**Saved data entries**
────────────────────

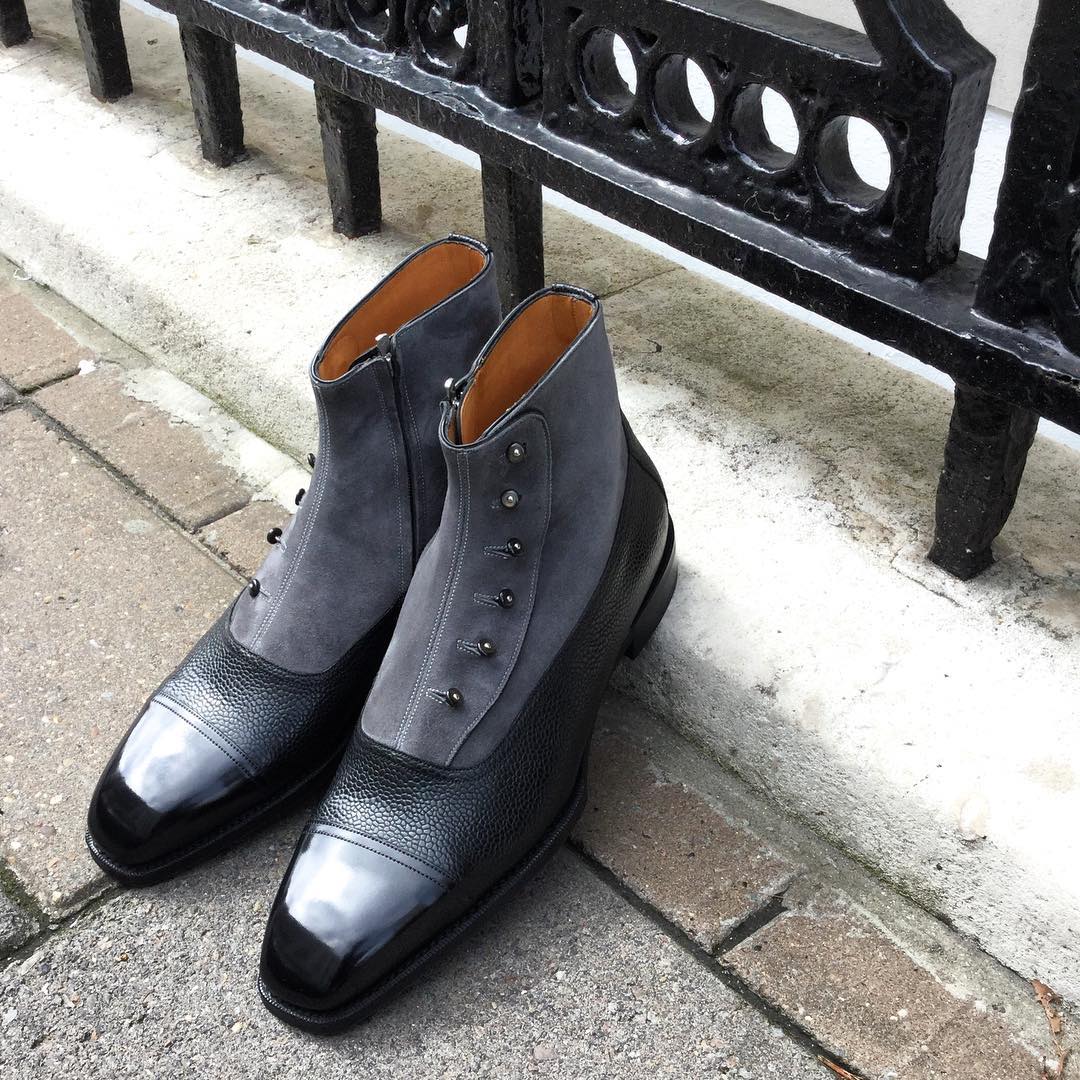 The Bespoke Men Button Black Calf Black Grain and Grey Suede Dress Balmoral Boot
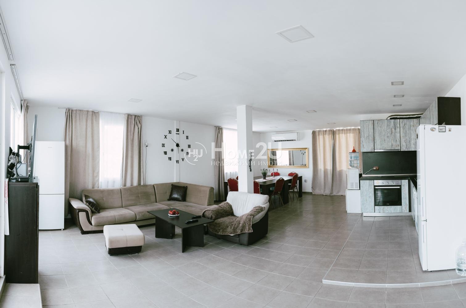 Този имот предоставя отлична среда на живот къщата се разпростира на 224 квадратни метра, продава се обзаведена и оборудвана- готова да посрещне новите си собственици! Състои се от голяма дневна- 65м2, 4 големи, напълно оборудвани спални със самостоятелни бани и тоалетни- 24м2, голяма веранда с барбекю, от която можете спокойно да съзерцавате изгревите на слънцето и огромния си двор.
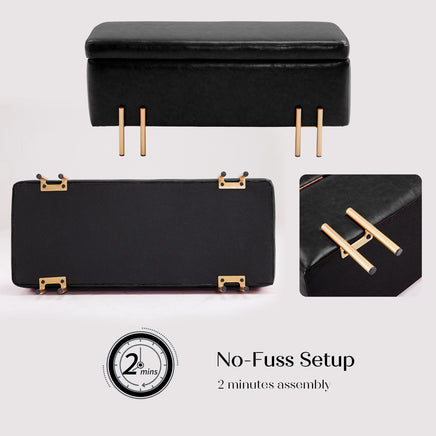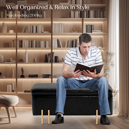 La Bella Storage Ottoman Bench Seat 97cm Chest Couch Stool PU Leather - Black
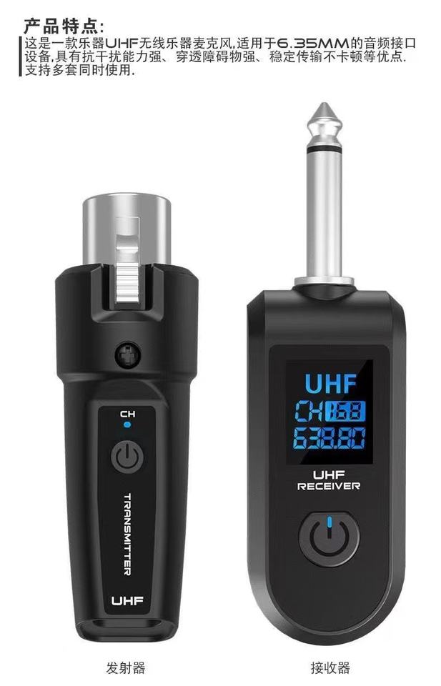 ダイナミックマイクギター用ワイヤレス送信機および受信機システム、48kサンプリング周波数
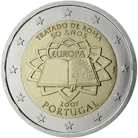 A moeda exibe o documento do Tratado, assinado pelos seis membros fundadores, sobre um fundo que evoca o pavimento (projetado por Michelangelo) da Piazza del Campidoglio em Roma, onde se realizou a cerimónia de assinatura, em 25 de março de 1957. As inscrições “Tratado de Roma”, “50 anos” e “EUROPA”, bem como o nome do país emissor, figuram nas respetivas línguas da área do euro ou em latim. Assim, a imagem exibida é igual, mas as inscrições variam consoante o país. O Tratado de Roma instituiu a Comunidade Económica Europeia e levou à introdução do euro em 1999 e à entrada em circulação das notas e moedas de euro em 2002. As comemorações do 50.º aniversário tiveram lugar em 25 de março de 2007. Os países da área do euro decidiram celebrar o acontecimento emitindo conjuntamente esta moeda comemorativa. O desenho foi selecionado na sequência de um concurso organizado pelas casas da moeda europeias. A coroa circular externa reproduz as 12 estrelas da União Europeia.
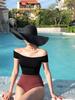 Traje de baño de una pieza con hombro descubierto de venta directa de fábrica para mujer, traje de baño recogido para pecho pequeño, BIKINI retro de color contrastante para mujer
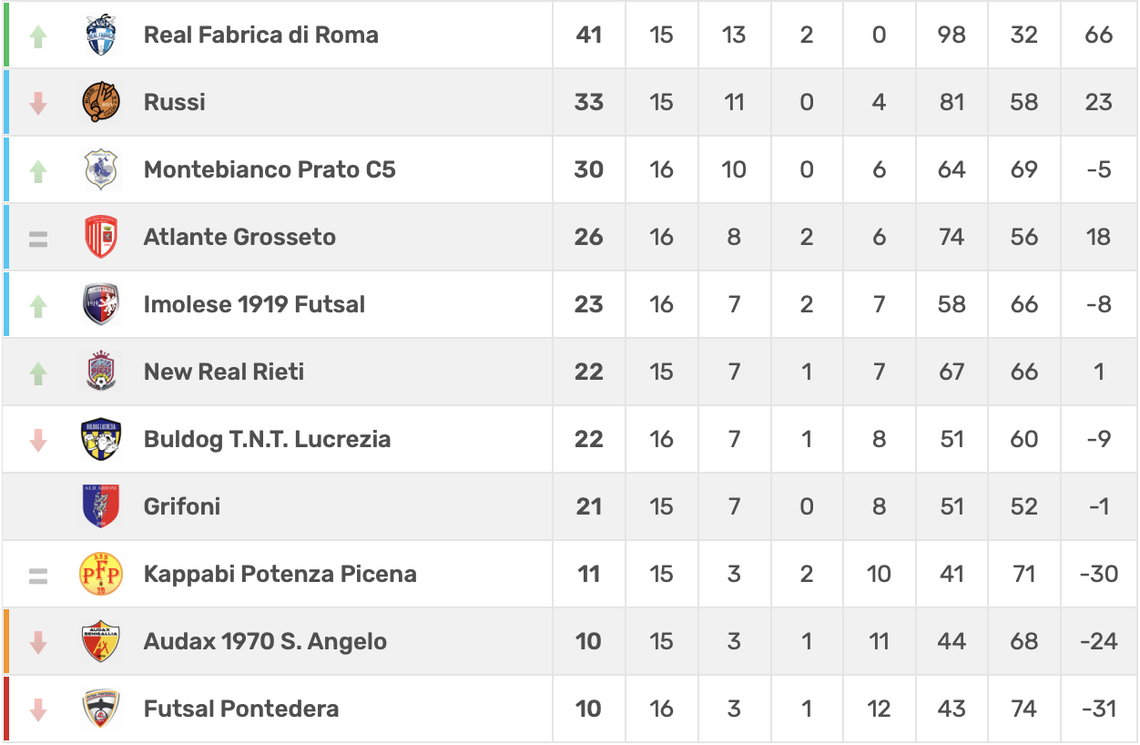 Con questo punto l’Atlante Grosseto consolida il quarto posto con 26 punti.
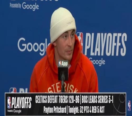 體育播報4月27日宣 NBA季后賽首輪G4,凱爾特人客場128-96大勝76人,總比分3-1拿到賽點。賽后普里查德接受了媒體采訪,以下為采訪全文。
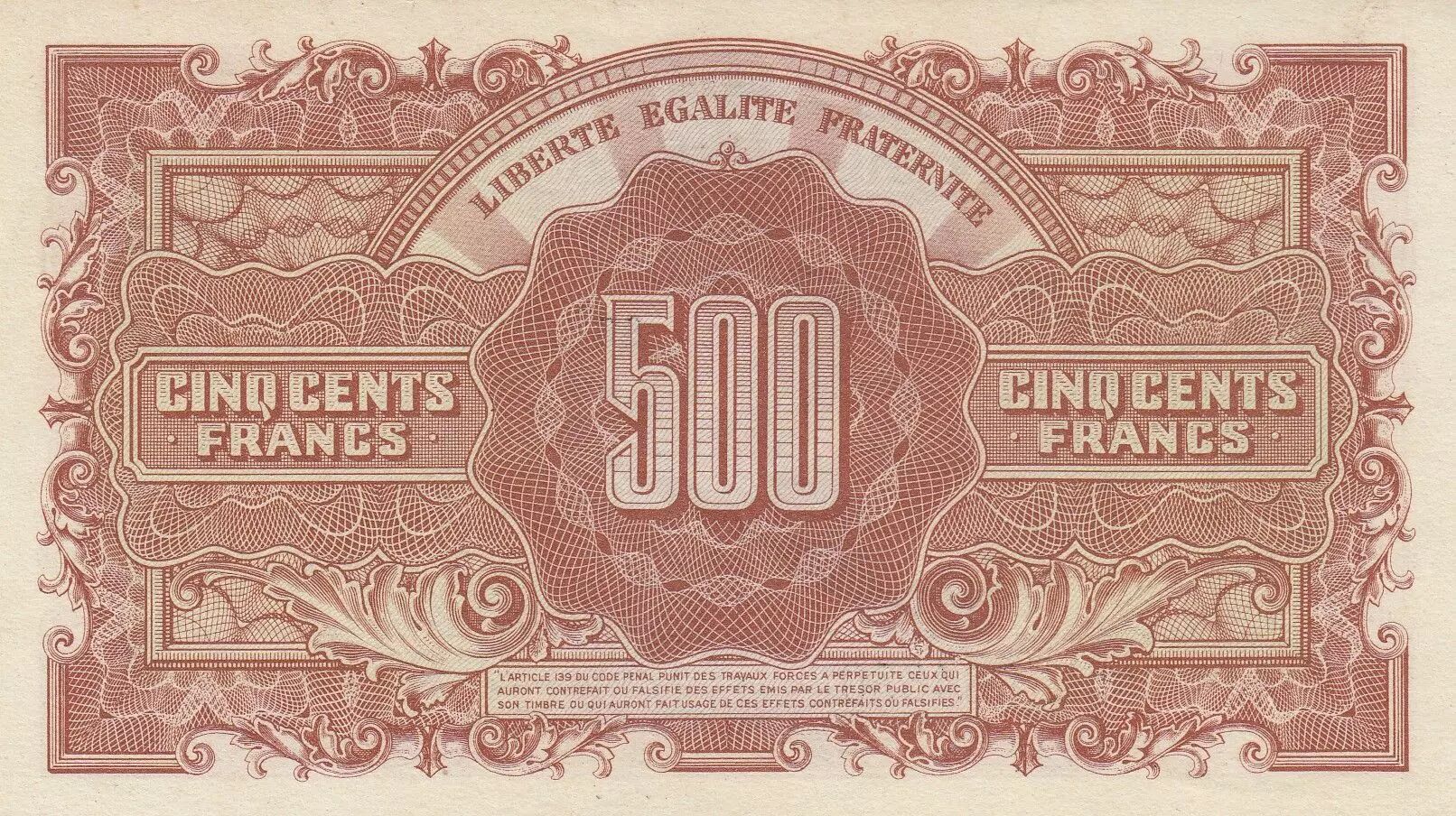 Home > French Banknotes > Treasury Bills > France 500 Francs - Marianne - 1945 - Serial 83L

────────────────────

**TASK OBJECTIVE**
Above are the records; give them all again exactly, apart from the pictures.

**WRITTEN ANSWER**
 The Bespoke Men Button Black Calf Black Grain and Grey Suede Dress Balmoral Boot
 Този имот предоставя отлична среда на живот къщата се разпростира на 224 квадратни метра, продава се обзаведена и оборудвана- готова да посрещне новите си собственици! Състои се от голяма дневна- 65м2, 4 големи, напълно оборудвани спални със самостоятелни бани и тоалетни- 24м2, голяма веранда с барбекю, от която можете спокойно да съзерцавате изгревите на слънцето и огромния си двор.
 La Bella Storage Ottoman Bench Seat 97cm Chest Couch Stool PU Leather - Black
 ダイナミックマイクギター用ワイヤレス送信機および受信機システム、48kサンプリング周波数
 A moeda exibe o documento do Tratado, assinado pelos seis membros fundadores, sobre um fundo que evoca o pavimento (projetado por Michelangelo) da Piazza del Campidoglio em Roma, onde se realizou a cerimónia de assinatura, em 25 de março de 1957. As inscrições “Tratado de Roma”, “50 anos” e “EUROPA”, bem como o nome do país emissor, figuram nas respetivas línguas da área do euro ou em latim. Assim, a imagem exibida é igual, mas as inscrições variam consoante o país. O Tratado de Roma instituiu a Comunidade Económica Europeia e levou à introdução do euro em 1999 e à entrada em circulação das notas e moedas de euro em 2002. As comemorações do 50.º aniversário tiveram lugar em 25 de março de 2007. Os países da área do euro decidiram celebrar o acontecimento emitindo conjuntamente esta moeda comemorativa. O desenho foi selecionado na sequência de um concurso organizado pelas casas da moeda europeias. A coroa circular externa reproduz as 12 estrelas da União Europeia.
 Traje de baño de una pieza con hombro descubierto de venta directa de fábrica para mujer, traje de baño recogido para pecho pequeño, BIKINI retro de color contrastante para mujer
 Con questo punto l’Atlante Grosseto consolida il quarto posto con 26 punti.
 體育播報4月27日宣 NBA季后賽首輪G4,凱爾特人客場128-96大勝76人,總比分3-1拿到賽點。賽后普里查德接受了媒體采訪,以下為采訪全文。
 Home > French Banknotes > Treasury Bills > France 500 Francs - Marianne - 1945 - Serial 83L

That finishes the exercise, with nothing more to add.